◆ Task to complete: In the data below, find the line containing "La resina che" and the line containing "12月8日下午,校党委副书记", then reproduce them and every line between, exactly. Omit pictures.

◆ Working data:
----------------------------------------

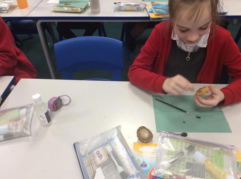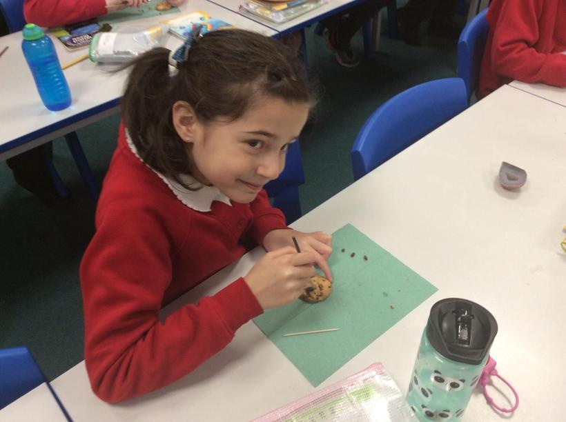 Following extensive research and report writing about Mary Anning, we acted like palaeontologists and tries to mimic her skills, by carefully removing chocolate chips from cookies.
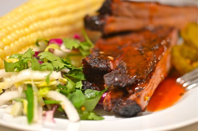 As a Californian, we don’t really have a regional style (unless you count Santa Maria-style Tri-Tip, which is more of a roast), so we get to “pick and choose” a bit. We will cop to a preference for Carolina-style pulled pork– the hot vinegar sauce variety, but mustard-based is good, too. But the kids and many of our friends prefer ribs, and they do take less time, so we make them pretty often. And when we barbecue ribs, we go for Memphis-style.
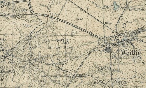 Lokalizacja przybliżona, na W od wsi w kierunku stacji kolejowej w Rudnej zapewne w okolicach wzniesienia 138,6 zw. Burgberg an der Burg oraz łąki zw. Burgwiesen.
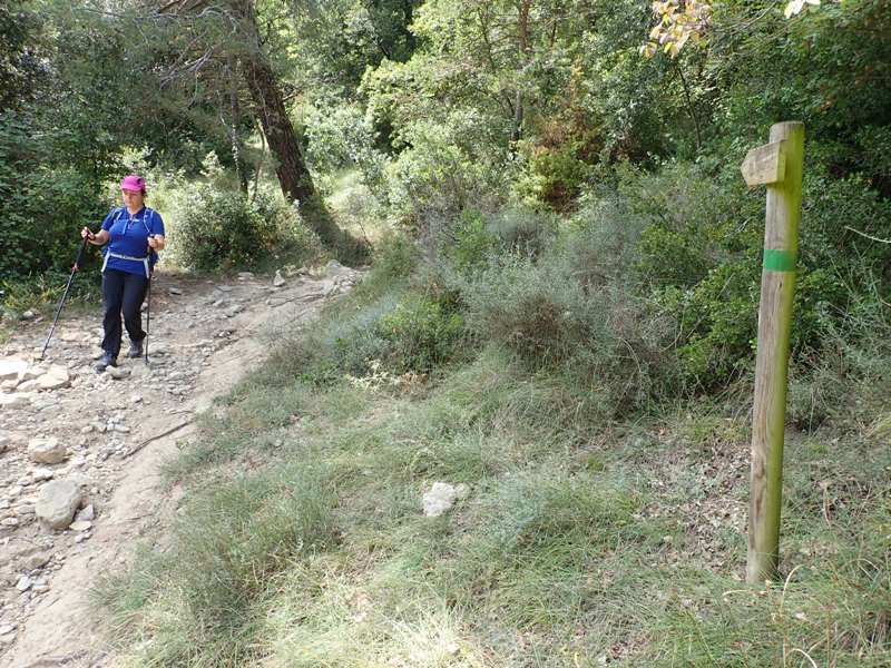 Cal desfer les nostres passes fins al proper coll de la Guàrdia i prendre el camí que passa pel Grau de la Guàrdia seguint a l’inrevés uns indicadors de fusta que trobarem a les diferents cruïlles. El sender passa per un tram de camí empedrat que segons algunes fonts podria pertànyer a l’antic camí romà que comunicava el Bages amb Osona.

----------------------------------------

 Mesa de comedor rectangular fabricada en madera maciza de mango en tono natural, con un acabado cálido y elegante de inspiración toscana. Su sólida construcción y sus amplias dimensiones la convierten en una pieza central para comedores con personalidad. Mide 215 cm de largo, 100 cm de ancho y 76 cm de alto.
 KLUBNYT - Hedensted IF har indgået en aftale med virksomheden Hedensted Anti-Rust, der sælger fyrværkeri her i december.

----------------------------------------

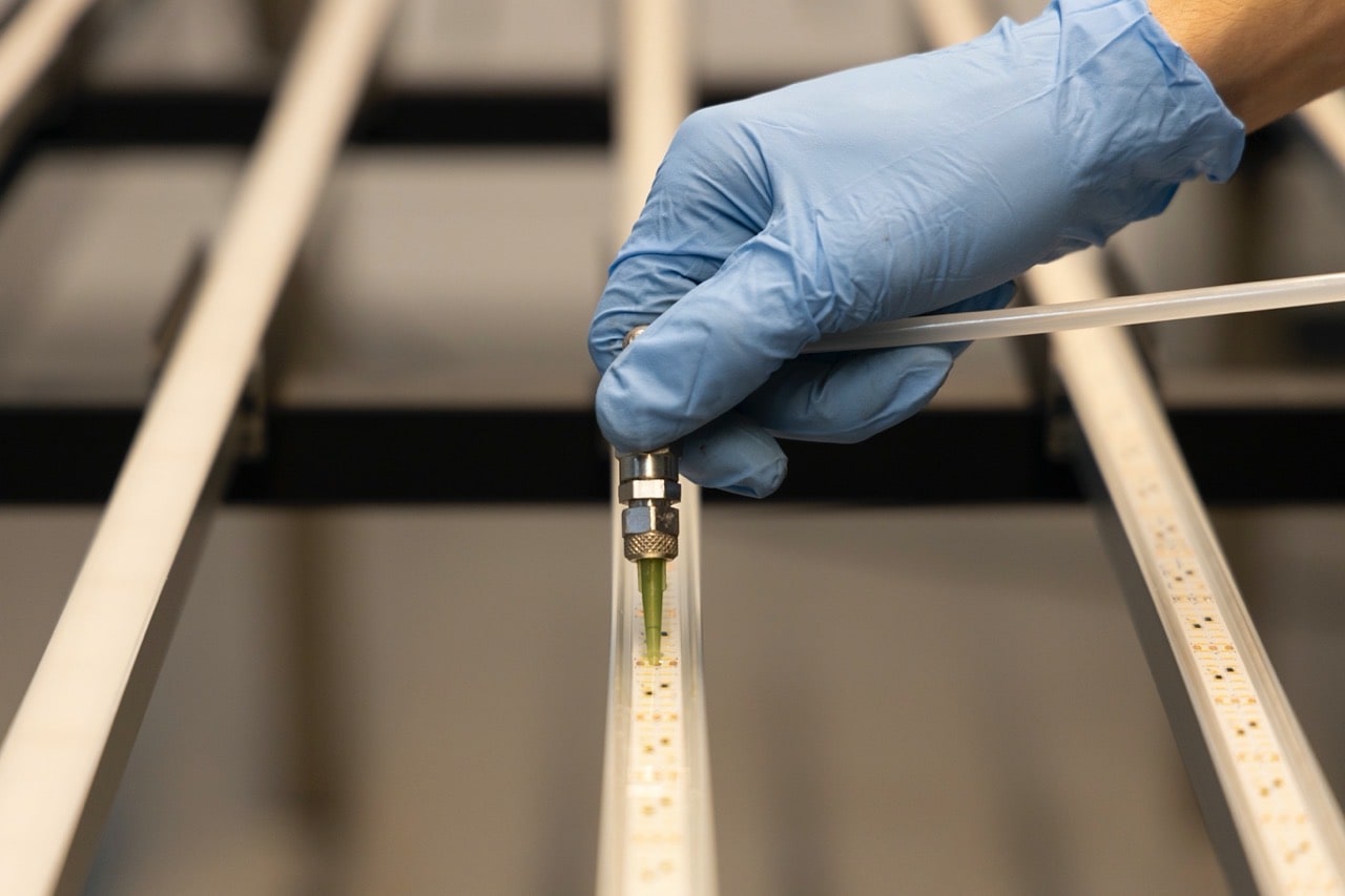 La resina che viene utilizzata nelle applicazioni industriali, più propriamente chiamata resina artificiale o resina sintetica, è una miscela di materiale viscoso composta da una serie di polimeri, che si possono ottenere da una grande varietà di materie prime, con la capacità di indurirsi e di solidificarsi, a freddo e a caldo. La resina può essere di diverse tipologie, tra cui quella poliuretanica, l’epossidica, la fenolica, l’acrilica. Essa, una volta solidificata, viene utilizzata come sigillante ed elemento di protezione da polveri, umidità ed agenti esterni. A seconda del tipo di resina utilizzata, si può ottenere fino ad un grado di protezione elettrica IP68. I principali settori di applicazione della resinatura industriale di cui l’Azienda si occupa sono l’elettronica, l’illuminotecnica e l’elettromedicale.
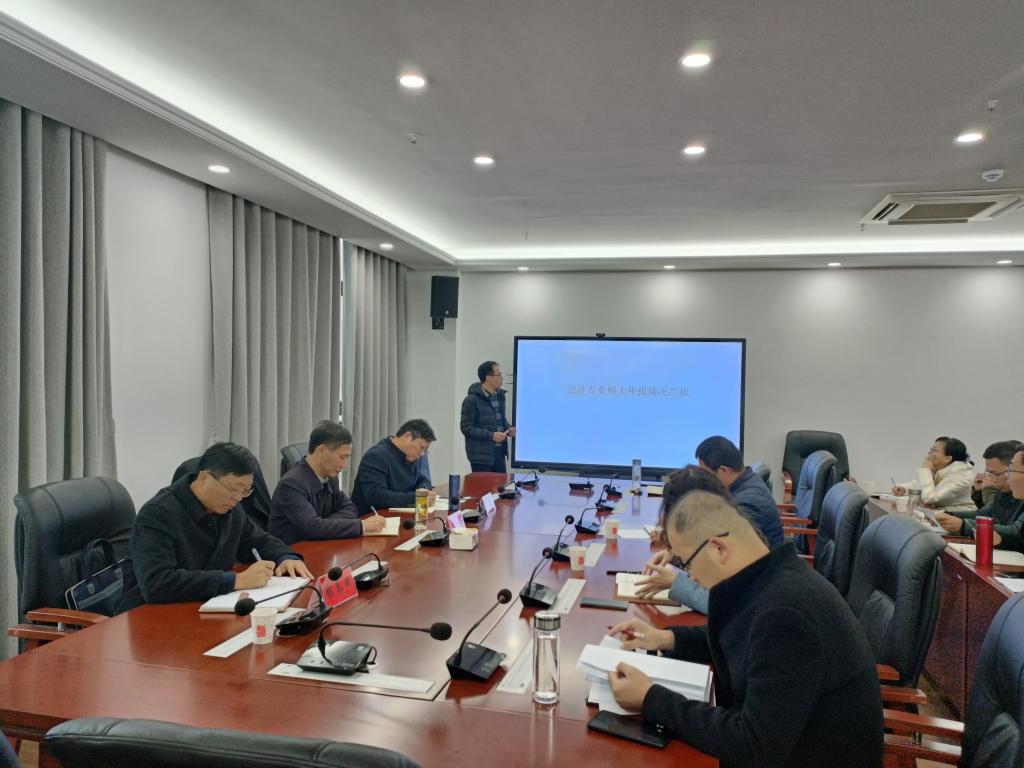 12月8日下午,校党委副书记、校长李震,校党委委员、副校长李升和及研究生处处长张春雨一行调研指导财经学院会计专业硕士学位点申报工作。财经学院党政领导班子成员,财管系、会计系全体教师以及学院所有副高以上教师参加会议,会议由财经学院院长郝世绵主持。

----------------------------------------

◆ Output:
 La resina che viene utilizzata nelle applicazioni industriali, più propriamente chiamata resina artificiale o resina sintetica, è una miscela di materiale viscoso composta da una serie di polimeri, che si possono ottenere da una grande varietà di materie prime, con la capacità di indurirsi e di solidificarsi, a freddo e a caldo. La resina può essere di diverse tipologie, tra cui quella poliuretanica, l’epossidica, la fenolica, l’acrilica. Essa, una volta solidificata, viene utilizzata come sigillante ed elemento di protezione da polveri, umidità ed agenti esterni. A seconda del tipo di resina utilizzata, si può ottenere fino ad un grado di protezione elettrica IP68. I principali settori di applicazione della resinatura industriale di cui l’Azienda si occupa sono l’elettronica, l’illuminotecnica e l’elettromedicale.
 12月8日下午,校党委副书记、校长李震,校党委委员、副校长李升和及研究生处处长张春雨一行调研指导财经学院会计专业硕士学位点申报工作。财经学院党政领导班子成员,财管系、会计系全体教师以及学院所有副高以上教师参加会议,会议由财经学院院长郝世绵主持。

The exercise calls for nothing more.